* _Requirement_
Give the listing again word for word. Skip the pictures.

* _Raw data_
===============

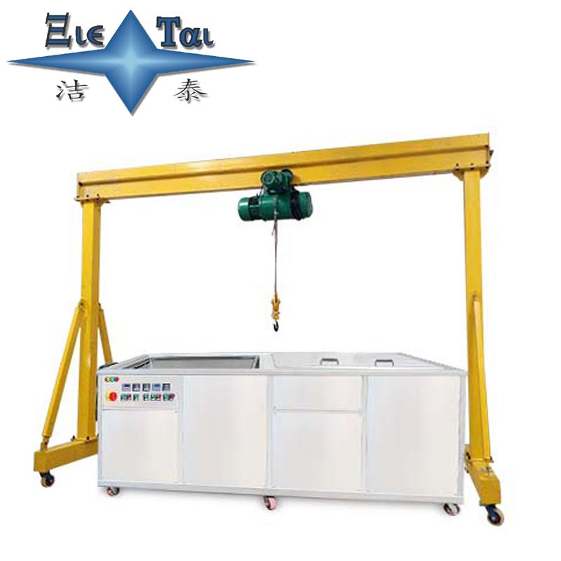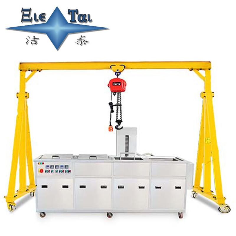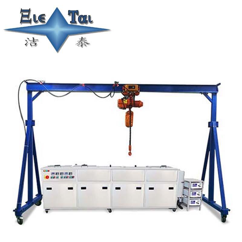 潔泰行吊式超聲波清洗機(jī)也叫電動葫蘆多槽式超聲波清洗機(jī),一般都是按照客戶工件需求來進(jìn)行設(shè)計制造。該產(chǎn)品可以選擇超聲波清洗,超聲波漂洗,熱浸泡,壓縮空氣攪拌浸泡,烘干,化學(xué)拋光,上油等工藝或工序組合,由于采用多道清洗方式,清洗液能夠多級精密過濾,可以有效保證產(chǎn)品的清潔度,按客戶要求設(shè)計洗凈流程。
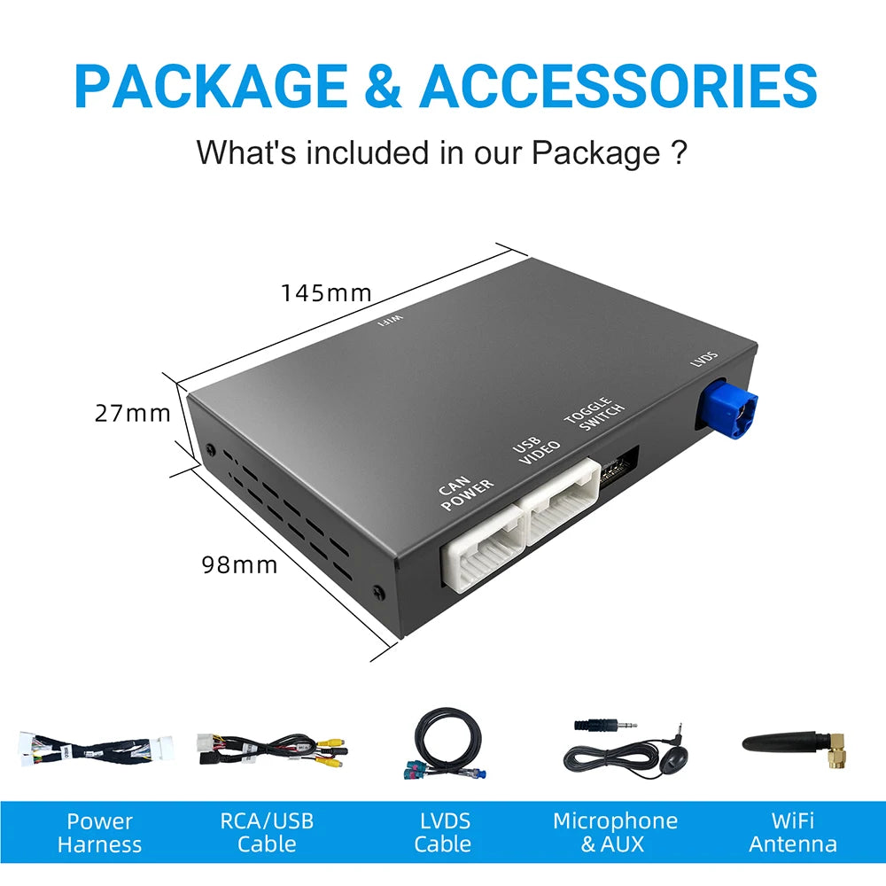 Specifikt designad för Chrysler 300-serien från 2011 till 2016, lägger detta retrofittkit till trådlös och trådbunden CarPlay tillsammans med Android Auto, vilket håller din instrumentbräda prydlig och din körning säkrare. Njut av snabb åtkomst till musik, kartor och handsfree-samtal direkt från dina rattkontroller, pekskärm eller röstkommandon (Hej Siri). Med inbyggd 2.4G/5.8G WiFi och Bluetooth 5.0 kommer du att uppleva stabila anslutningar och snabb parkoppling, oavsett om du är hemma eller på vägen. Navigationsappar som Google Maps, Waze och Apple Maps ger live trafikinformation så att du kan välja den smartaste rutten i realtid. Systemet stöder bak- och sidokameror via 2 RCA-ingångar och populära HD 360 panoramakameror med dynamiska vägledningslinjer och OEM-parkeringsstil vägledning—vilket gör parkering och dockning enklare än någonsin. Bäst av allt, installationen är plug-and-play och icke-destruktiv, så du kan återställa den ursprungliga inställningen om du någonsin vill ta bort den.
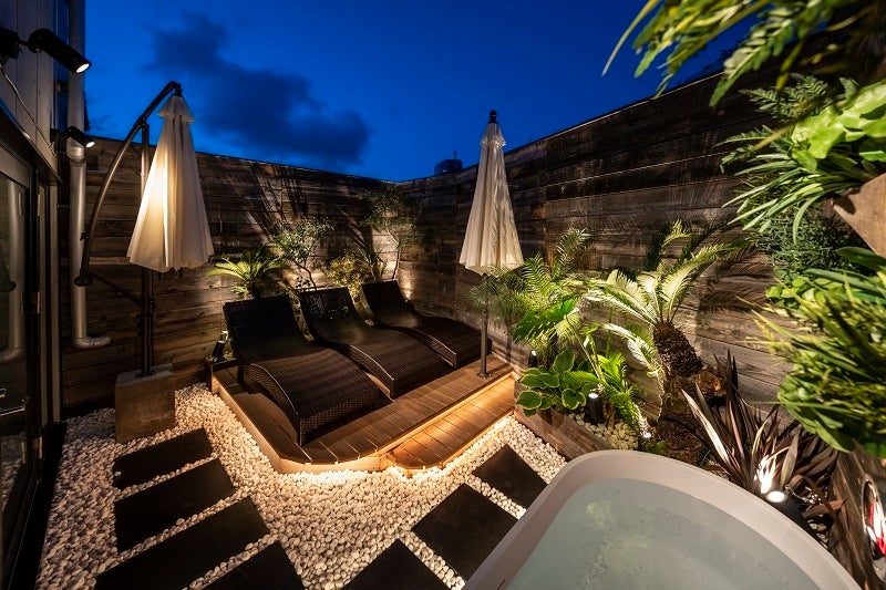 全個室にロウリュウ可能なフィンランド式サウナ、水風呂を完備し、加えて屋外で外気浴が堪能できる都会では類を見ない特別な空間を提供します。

===============

* _Task answer_
 潔泰行吊式超聲波清洗機(jī)也叫電動葫蘆多槽式超聲波清洗機(jī),一般都是按照客戶工件需求來進(jìn)行設(shè)計制造。該產(chǎn)品可以選擇超聲波清洗,超聲波漂洗,熱浸泡,壓縮空氣攪拌浸泡,烘干,化學(xué)拋光,上油等工藝或工序組合,由于采用多道清洗方式,清洗液能夠多級精密過濾,可以有效保證產(chǎn)品的清潔度,按客戶要求設(shè)計洗凈流程。
 Specifikt designad för Chrysler 300-serien från 2011 till 2016, lägger detta retrofittkit till trådlös och trådbunden CarPlay tillsammans med Android Auto, vilket håller din instrumentbräda prydlig och din körning säkrare. Njut av snabb åtkomst till musik, kartor och handsfree-samtal direkt från dina rattkontroller, pekskärm eller röstkommandon (Hej Siri). Med inbyggd 2.4G/5.8G WiFi och Bluetooth 5.0 kommer du att uppleva stabila anslutningar och snabb parkoppling, oavsett om du är hemma eller på vägen. Navigationsappar som Google Maps, Waze och Apple Maps ger live trafikinformation så att du kan välja den smartaste rutten i realtid. Systemet stöder bak- och sidokameror via 2 RCA-ingångar och populära HD 360 panoramakameror med dynamiska vägledningslinjer och OEM-parkeringsstil vägledning—vilket gör parkering och dockning enklare än någonsin. Bäst av allt, installationen är plug-and-play och icke-destruktiv, så du kan återställa den ursprungliga inställningen om du någonsin vill ta bort den.
 全個室にロウリュウ可能なフィンランド式サウナ、水風呂を完備し、加えて屋外で外気浴が堪能できる都会では類を見ない特別な空間を提供します。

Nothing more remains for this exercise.